The Devil’s Web

The internet has many usages. Talking with your friends, shopping, sharing your creations and many more. It’s deemed to be the most revolutionary invention humankind has ever come up with. While much of the internet is readily accessible, certain parts lie hidden beneath intricate layers of obfuscation. This dark side of the web provides a much greater level of anonymity and privacy and in text, we’ll explore why it exists, what it contains, and who it appeals to.

As the internet continued to grow in the late 1990’s it would come to transform society in a global scale. The biggest change came in the form of “instant communication”. As long as you had an internet connection, you could talk to anyone on the earth. Around the millennium shift, you had around 350 million to choose from. Everything you do or say online can or will be tracked, recorded and traceable back to you. Some people were very concerned about their privacy, as one such group of those people were the United States Federal Government. A team of computer scientists were working for a branch named Naval Research Laboratory (NRL) began the development of a technology known as “onion routing”. ( Yasha Levine Jul 16, 2014) Onion routing would allow for anonymous bi-directional communication, where the source can’t be traced. This uses an overlay network which easily described is a network built on top of a network. In this case, the internet. Instead of using the unencrypted internet, also known as the surface web, your traffic goes through an overlay network. Now, there are many reasons and ways to use an overlay network, but a network using onion routing technology can be classified as “darknet”. Darknet is information that you can only access through certain addresses and authorized keywords. This does not mean its always suspicious content. For example, unlisted Youtube videos, private Facebook photos. You may only access these through a special link, or access to your account.

The NRL soon realized what they could do is majorly limited. “The US government can’t simply use an anonymity system for everybody and only use it for themselves only. Because then every time a connection came from it, people would realize “Oh it’s a CIA agent looking at my website!” because those are the only people using it. So, you need to have other people using the network, so they blend together.” Roger Dingledine, Co-Founder & Director of the TOR project, speaking at a conference in 2004. (Dingledine, 2004) What he’s saying that for the network to be truly anonymous it has to be available to everyone, and not only to US government. So, the NRL was forced to release the onion technology to the public. It became The Onion Router (TOR Project), may sound funny but it is a crucial part of tracking down illegal activities present on the internet. It’s the software you need to download in order to access this network of onion routers. Many people across the globe use TOR for a multitude of purposes, everyday browsing to criminal activities. (Routing, 1996) While it is the most popular TOR is but one of the numerous darknets, together they make up the Dark Web. They essentially create what the tiny part of the internet is, other that deep web, which is the part of the internet you can not find by searching on a search engine.

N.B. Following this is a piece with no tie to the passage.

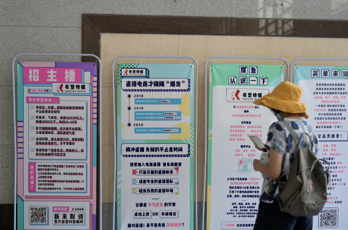 2020年8月9日,杭州九堡新禾联创工业园区内,一位女士正在浏览招聘主播的海报

As you can notice, the deep web consists of much more content than the surface web. Banking details, Netflix, Facebook accounts, important cloud storage and many more examples rely on encryption. How much more is it from the surface web? We’ll by the very nature of it, we can never know. A paper from 2001 estimated that the deep web is the 500 times the surface web. That estimation is a decade old.

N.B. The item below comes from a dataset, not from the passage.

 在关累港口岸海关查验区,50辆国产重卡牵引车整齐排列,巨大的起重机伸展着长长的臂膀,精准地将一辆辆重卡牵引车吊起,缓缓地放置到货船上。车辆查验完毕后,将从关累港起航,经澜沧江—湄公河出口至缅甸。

To summarize, surface web is the part of the web can be indexed by search engines. The deep web is the content that can’t be indexed. Dark web is the fraction of the deep web which requires specific software or authorization. But what can we find on the dark net? As mentioned, you can use TOR for almost anything. Instant messaging, browsing, and much more. But the dark web aspect comes in the form of hidden services. Hidden services are websites that can only accessed by tor and the address will always end in “.onion”. For example: http://zqktlwi4fecvo6ri.onion. If you try to access this server through google, it won’t do anything. But through TOR it will lead you to “The Hidden Wiki”. An encyclopedia providing a list to many hidden services. Anonymity attracts a vast variety of people, can be both used for licit and illicit purposes.

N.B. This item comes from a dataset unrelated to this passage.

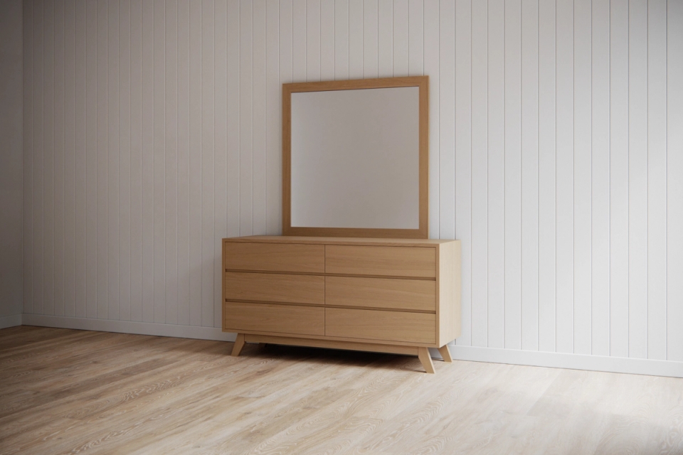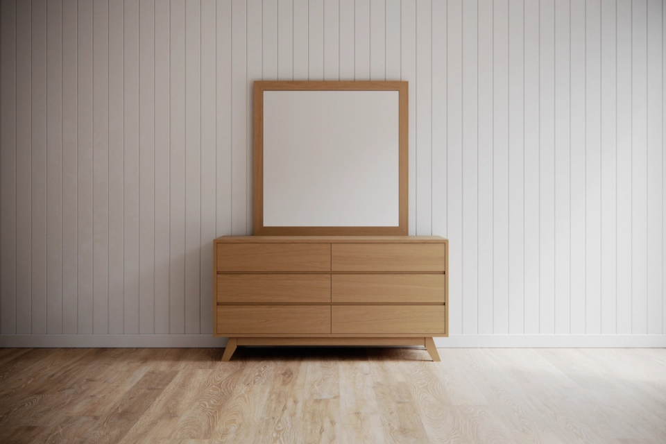Who says looking good has to cost a fortune? Our Phoenix Dresser with Mirror will bring an elevated modern style to your room without having to crack open the piggy bank. The clean lines and chic natural timber will bring your room up to style.

Mainstream media would make you believe that surface web is just a thin layer on top of an enormous criminal underground. But it couldn’t be further proven. They confuse it with the much larger layer “deep web”. A recent study shows that out of 2,723 actives .onion links 1,547 were illicit. That’s over half, this includes pornography, trading of firearms, drugs and more. But only 6% of TOR users use these services. The vast majority uses TOR in order to protect their identity.

There is no question that the dark web contains of the most horrific content on the entire web, it’s nowhere as near as extensive as some make it out to be. How do you prevent criminals from using these services while still allowing lawful citizens protecting their privacy? The answer is simple, you don’t. You can’t restrict something that is by its nature is unrestricted. That is anonymity, anyone can do or say anything they want to, so we have no choice. If the US government had the ability to take down TOR, they wouldn’t because they need it as much as anybody else. Remember they created this technology, releasing TOR to the public is what makes it anonymous.  It’s everyone, or no one, that’s the unfortunate truth.